Other notable women featured in the exhibition include the visionary, prophet and author Hildegard of Bingen; Estellina Conat, the first recorded woman to print a book under her own name; Christine de Pizan, the first professional woman author in Europe and Joan of Arc, the visionary and military leader who led the French to triumph at the siege of Orléans.

We see the original letter from Joan to the citizens of Riom in 1429, asking that they provide her with military aid, which contains the earliest known example of her signature and has never before been displayed outside France.

 

La sainte abbaye (The Holy Abbey), France, 1290s, miniature showing nuns attending church [The nuns’ procession to mass: Yates Thompson MS 11, f. 6v © British Library Board]

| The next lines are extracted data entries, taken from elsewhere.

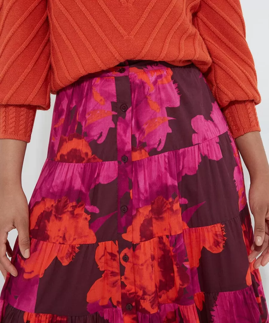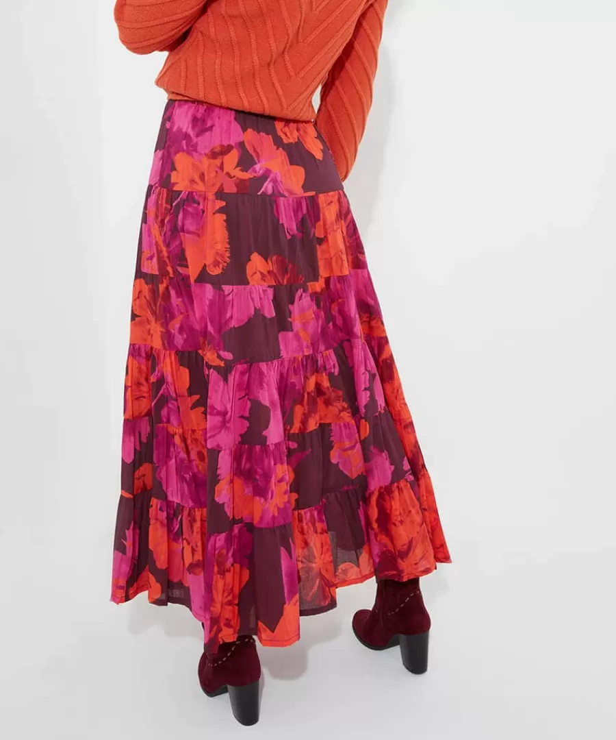 Bring warm florals into winter with this gorgeous maxi skirt. The perfect partner for knee-high boots, its tiered seams create a flattering, flowy look so you can swish through the season. Just the thing to brighten a dull winter day, one glance will show your vibrant personality, however you style it.
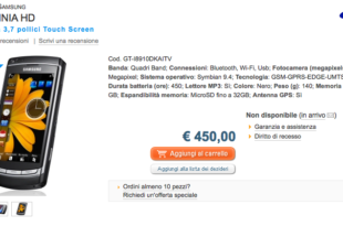Finalmente il tanto atteso mostro Samsung OMNIA HD inizia a fare capolino negli store OnLine! Lo si può ordinare in anteprima sul sito MonClick al prezzo molto vantaggioso di 450 euro!! Attualmente non vi sono informazioni sulla effettiva disponibilità {IMU_468_60}
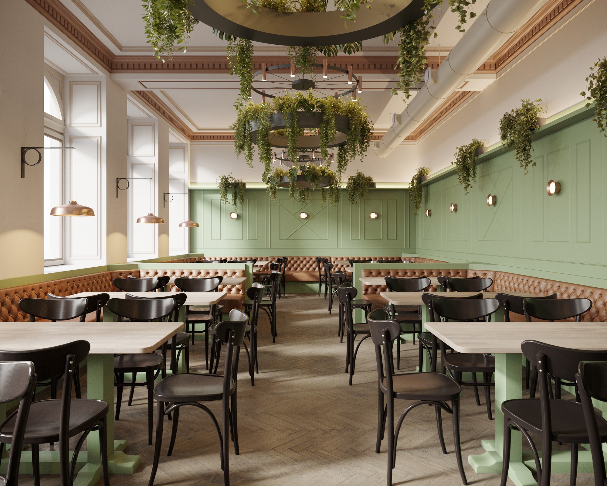 Die traditionellen Bugholz-Sessel und der Ledereinsatz der Sitzbänke, die oft in den alten Wiener Kaffeehäusern zu finden sind, werden durch die grüne Farbe und die modernen Esstische aufgelockert. Der bewusste Kontrast zwischen den beiden Bodenbelägen, einem modernen dunkelgrauen Fliesenboden und einem traditionellen Fischgrätenparkett in hellem Eichenholz, unterstreicht die Verschmelzung von Alt und Neu.
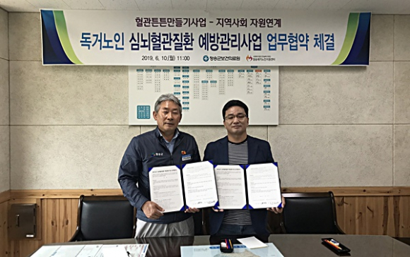 청송군의 65세 이상 노인인구는 전체인구 대비 35%로 이미 초고령사회에 접어들었으며, 특히 심뇌혈관질환에 취약한 독거노인은 인구대비 26%로 독거노인에 대한 집중적인 질환 관리가 필요함에 따라, 양 기관은 독거노인생활관리사를 중심으로 찾아가는 심뇌혈관질환 예방관리사업 협력체계를 구축하고자 업무협약을 체결하게 됐다.
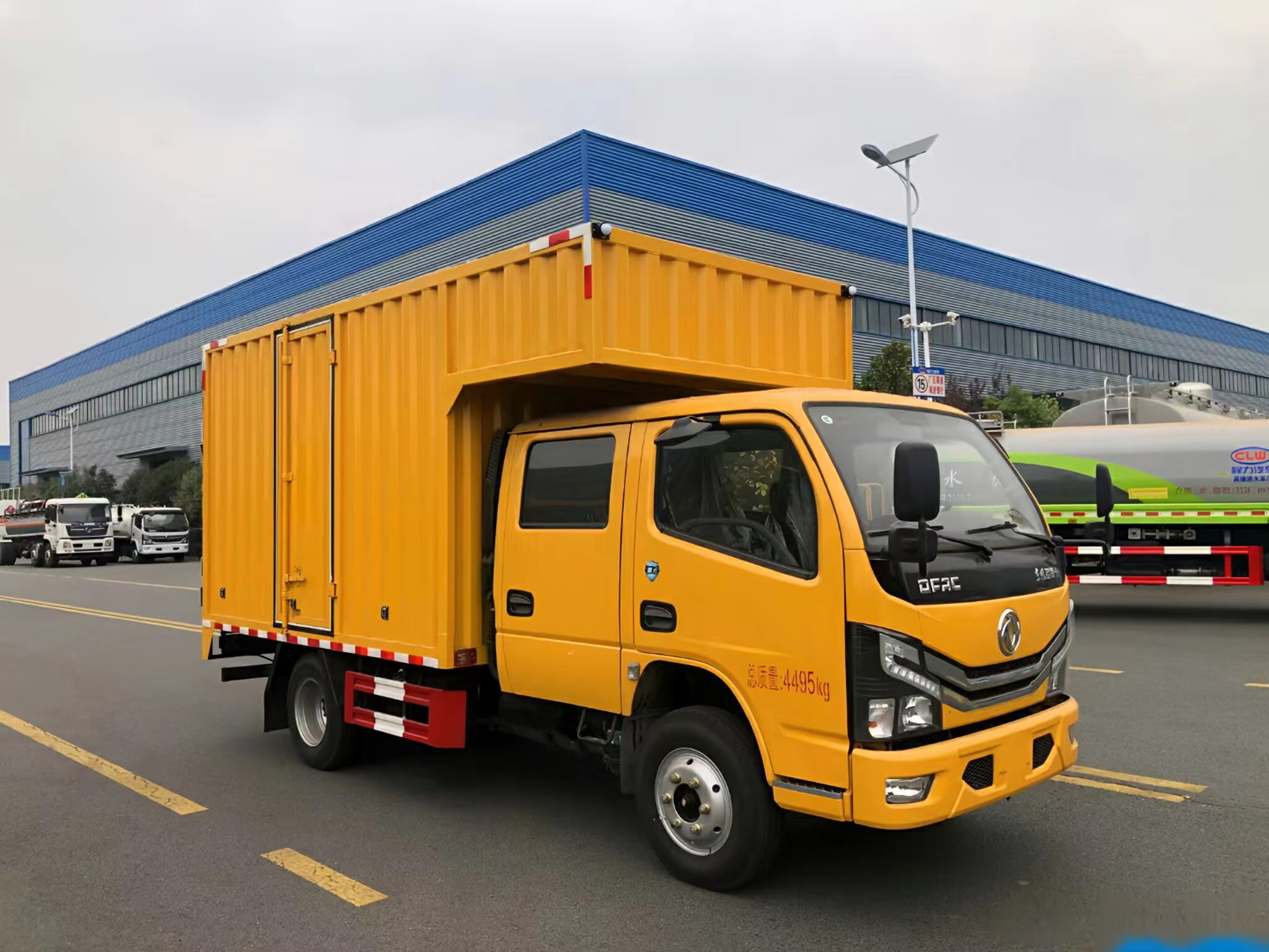 | 上裝配置 | 箱體采用瓦楞箱體,側(cè)面和后面各一個雙開門,箱內(nèi)設(shè)計兩個貨架,箱內(nèi)設(shè)計照明燈,安裝液壓動力系統(tǒng),三套液壓動力取力快速接口,帶控制面板兩臺4寸的渣漿泵,帶水帶和液壓管(帶快接)裝一個液壓驅(qū)動空壓機(jī),一個800公斤12V電控小吊機(jī)安裝3500W逆變器,帶電控箱,其他程力專用車廠家標(biāo)配… | ||

There is also The Book of Margery Kempe, the earliest known autobiography in English. Written in around 1438, it is the only surviving copy and chronicles her life as a female mystic.
For the romantically inclined there is the oldest surviving Valentine’s Day letter in the English language, sent in 1477 by gentlewoman Margery Brews to her aristocratic fiancé John Paston.

As this brilliant, insightful and often quirky exhibition concludes, through these words, artworks, objects and recorded experiences “medieval women declare that they existed, that they had personality, presence and vital things to say. It is our task to seek them out and learn from them.”

• Medieval Women: In Their Own Words is at the British Library, 96 Euston Road, NW1 2DB until March 2, 2025.